Climate change also increases health risks for low- and middle-income countries (LMICs) and populations, despite their minimal contributions to global emissions. Damage to infrastructure; loss of medical equipment; and disruptions in water, waste, energy, transport systems, and supply chains affect the delivery of health services and weaken the capacity of already vulnerable health systems.

Under-resourced nations also lack sufficient access to funding and technical capacity for climate adaptation, with wealthier countries failing to reach the promised sum of $100 billion annually to support the countries most affected by climate change. Despite their urgent need for disaster-risk reduction mechanisms, developing countries are largely being excluded from this adaptation.

older man stands in front of destroyed home from hurricane
James, whose home in North Fort Myers, Fla. was destroyed by Hurricane Ian in 2022, lost access to his medications and medical supplies after the storm. Among the relief items Project HOPE provided was a blood glucose meter to help him monitor his health. Photo by Angel Valentin for Project HOPE, 2022.

4. Data shows that the health sector is under-utilizing available climate knowledge and tools.

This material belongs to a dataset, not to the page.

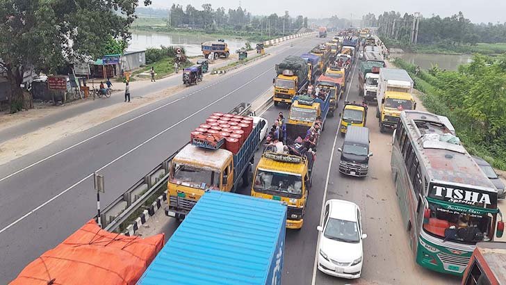 সোমবার ভোর থেকে বঙ্গবন্ধু সেতু থেকে টাঙ্গাইল সদর উপজেলার রসুলপুর পর্যন্ত ১৭ কিলোমিটার এলাকাজুড়ে যানজটের সৃষ্টি হয়।
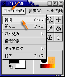 それでは、とにかく何か描いてみましょう。まず、「白紙」の画像を用意します。"The GIMP" ウィンドウの「ファイル」メニューから「新規」を選ぶか、Ctrl-N をタイプしてください。

Although 74% of National Meteorological and Hydrological Services (NMHSs) share climate data with health entities, only 23% of Ministries of Health incorporate meteorological information into their health surveillance systems for monitoring climate-related health risks. For example, although extreme heat causes the greatest mortality of all extreme weather, only half of the affected countries provide heat warning services to health decision makers.

There is also a poor investment to integrate climate adaptation and resilience into the health sector. Globally, only about 0.2% of the total bilateral and multilateral climate finance has been attributed to health projects, leaving the health sector unprepared to safeguard the most vulnerable and disadvantaged groups in response to climate disasters. This reflects a significant capacity gap that needs to be filled in order to develop climate-resilient health systems that can deploy climate adaptation and mitigation strategies.

5. Although global advances are being made, no health system is completely climate resilient or fully decarbonized.

Not only are health systems impacted by climate change, but their operations also contribute to additional greenhouse gas emissions. Unsustainable practices related to water, sanitation, waste, energy use, procurement, and supply chains have led the global health care sector to contribute to 4.6% of global greenhouse gas emissions in 2020.

Nevertheless, global progress is being made, with over 70 countries committing to the COP26 health initiatives on building climate resilient and sustainable low carbon health systems. With the unveiling of the WHO Operational Framework for Health Facilities and the inaugural health day at the upcoming global climate COP28 meeting, momentum is growing to unite both the health and climate communities.

Urvi Chowdhury is a Policy Specialist at Project HOPE.